Parsing large varbinary fields

  • Hello all,

    I have a table with raw scientific test results in a single field, some of which are over 25Mb field. I need to parse into the field to find and aggregate selected values from the field.

    Table structure is

    CREATE TABLE [dbo].[Gxxx_Data](

    [id] [uniqueidentifier] NOT NULL,

    [Status] [nvarchar](50) NULL,

    [GxxxItem_ID] [int] NULL,

    [Stats_Data] [varbinary](max) NULL,

    ) ON [PRIMARY] TEXTIMAGE_ON [PRIMARY]

    The data, after conversion should look something like this:

    fmod.ThreadContext.Inst_Cnt.12120 2040 # 1TS[highlight=#ffff11]mov[/highlight] (1) r3.4<1>:ud r1.2<0;1,0>:ud { Align1, Q1 }

    fmod.ThreadContext.Inst_Cnt.12136 2040 # 1TS[highlight=#ffff11]shl[/highlight] (1) r4.0<1>:d r2.7<0;1,0>:ud 0x50005:uw { Align1, Q1 }

    fmod.ThreadContext.Inst_Cnt.12152 2040 # 1TS[highlight=#ffff11]mov[/highlight] (8) r5.0<1>:ud r0.0<8;8,1>:ud { Align1, Q1, NoMask, Compacted }

    From which I need to parse and summarize the (Assembler) opcodes (MOV,CMPi, SHR etc...)

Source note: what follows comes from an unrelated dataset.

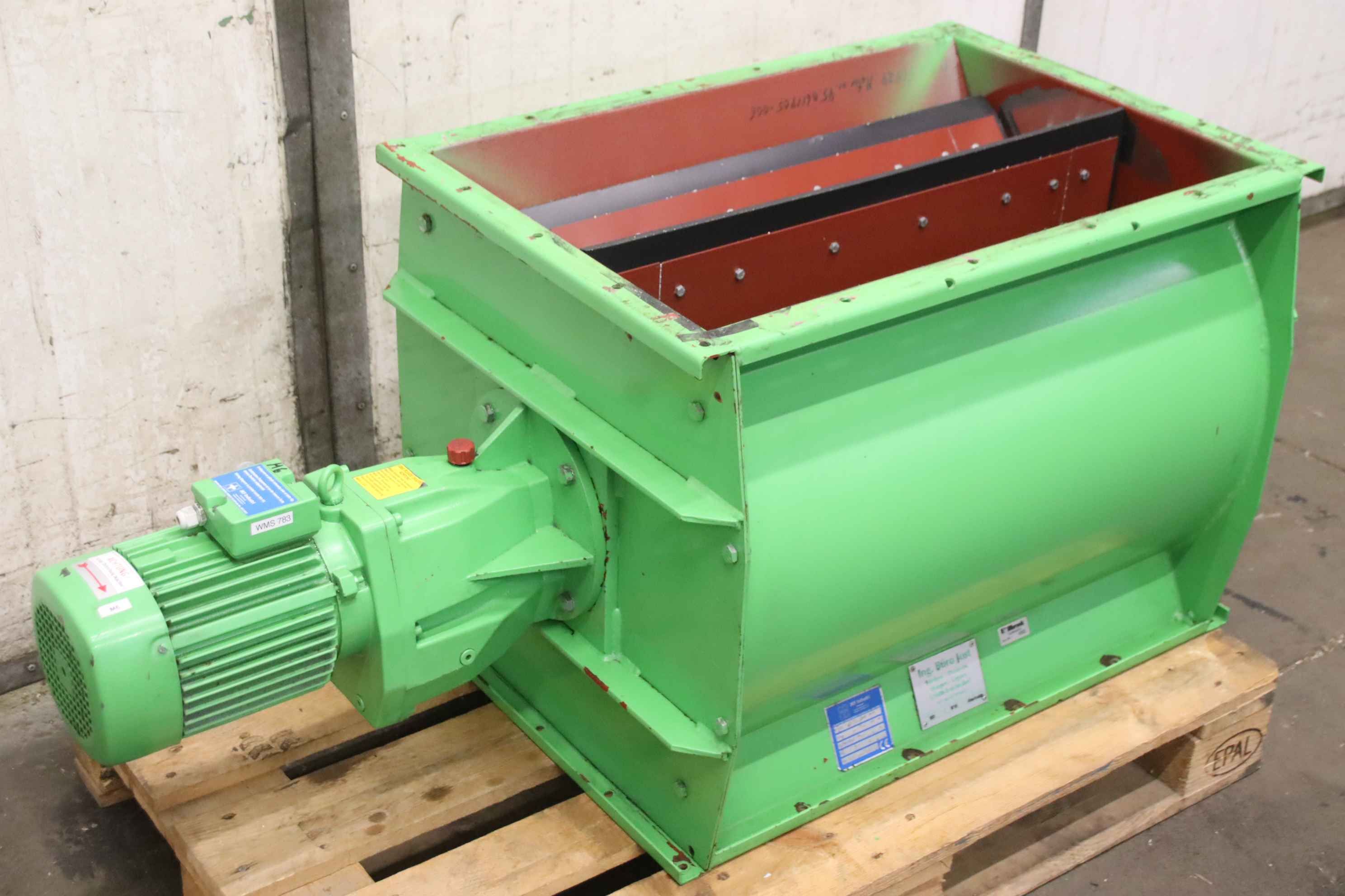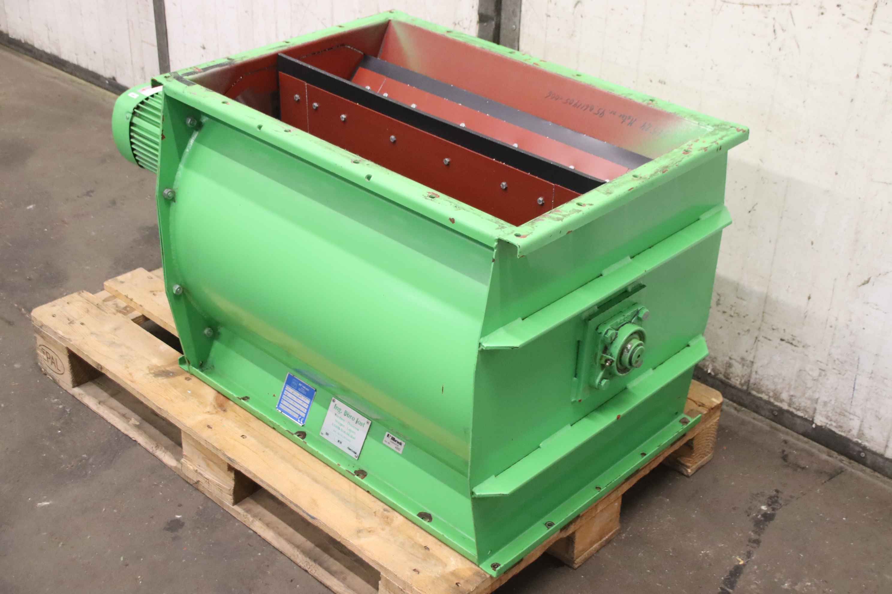 Dosing rotary valve, rotary valve, dosing valve, rotary valve for screw conveyor, transport screw, screw conveyor, conveyor technology, tubular screw conveyor -Cell wheel lock. 8 blades, with drive -Speed: 16 rpm -Drive motor: 0.75 kW -Inlet/outlet: 500 x 750 mm -Number: 2x rotary valves available -Price: per piece -Dimensions: 650/1340/H600 mm -Weight: 208 kg

    I need to parse the large field [Stats_Data] to locate the target data.

    The internal result strings are delimited with Char(10), conservative counts are from 64k to over 100k lines in each record.

    Is there a way to parse the individual lines into another table (temp) that would be queried/regexed ?

    Thank you in advance

    Tom in Sacramento For better, quicker answers on T-SQL questions, click on the following...http://www.sqlservercentral.com/articles/Best+Practices/61537/

  • The easiest way would be to do things "on the way in". How do these large Stats_Data values get into the table you posted to begin with?

    --Jeff Moden


    RBAR is pronounced "ree-bar" and is a "Modenism" for Row-By-Agonizing-Row.
    First step towards the paradigm shift of writing Set Based code:
    ________Stop thinking about what you want to do to a ROW... think, instead, of what you want to do to a COLUMN.

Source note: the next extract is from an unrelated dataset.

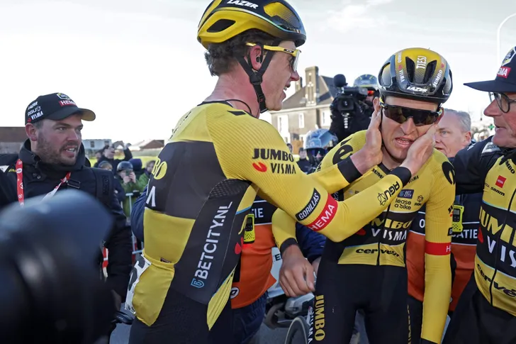 Het is de opmaat naar een uitstekend voorjaar waarin de ploeg alle Vlaamse semiklassiekers weet te winnen. Vooral door de kracht van de ploeg te gebruiken. Dat ‘samen winnen’ meer is dan een loze marketingkreet bewijzen de renners keer op keer. Afzonderlijk van elkaar vroegen we Benoot en Van Hooydonck naar de kracht van Jumbo-Visma.

    Change is inevitable... Change for the better is not.


    Helpful Links:
    How to post code problems
    How to Post Performance Problems
    Create a Tally Function (fnTally)

  • Hi Jeff,

    I agree that would be easiest however that still leaves the existing records, is there a smarter way of dealing with them?

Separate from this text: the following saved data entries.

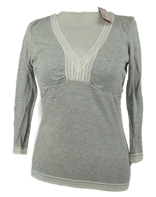 Nové - Dámske sivé rebrované pyžamové tričko s čipkou Monsoon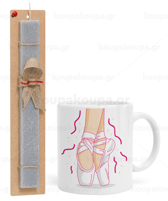 Πουεντ, Easter Set, Ceramic Cup (330ml) & Easter aromatic flat candle (30cm) (GRAY)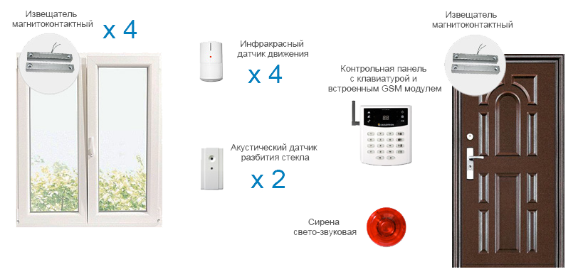 - 4 магнитоконтактных извещателя на окна и 1 на входную дверь;

    Maybe I should build the search in binary format and patindex to the first 'line' which is usually around 55M bytes into the file. I know that cursors are spoken of badly, but does a cte or set based solution come to mind?

    I appreciate your thoughts on this

    Tom in Sacramento For better, quicker answers on T-SQL questions, click on the following...http://www.sqlservercentral.com/articles/Best+Practices/61537/

  • The internal result strings are delimited with Char(10), conservative counts are from 64k to over 100k lines in each record. ...

    Is there a way to parse the individual lines into another table (temp) that would be queried/regexed ?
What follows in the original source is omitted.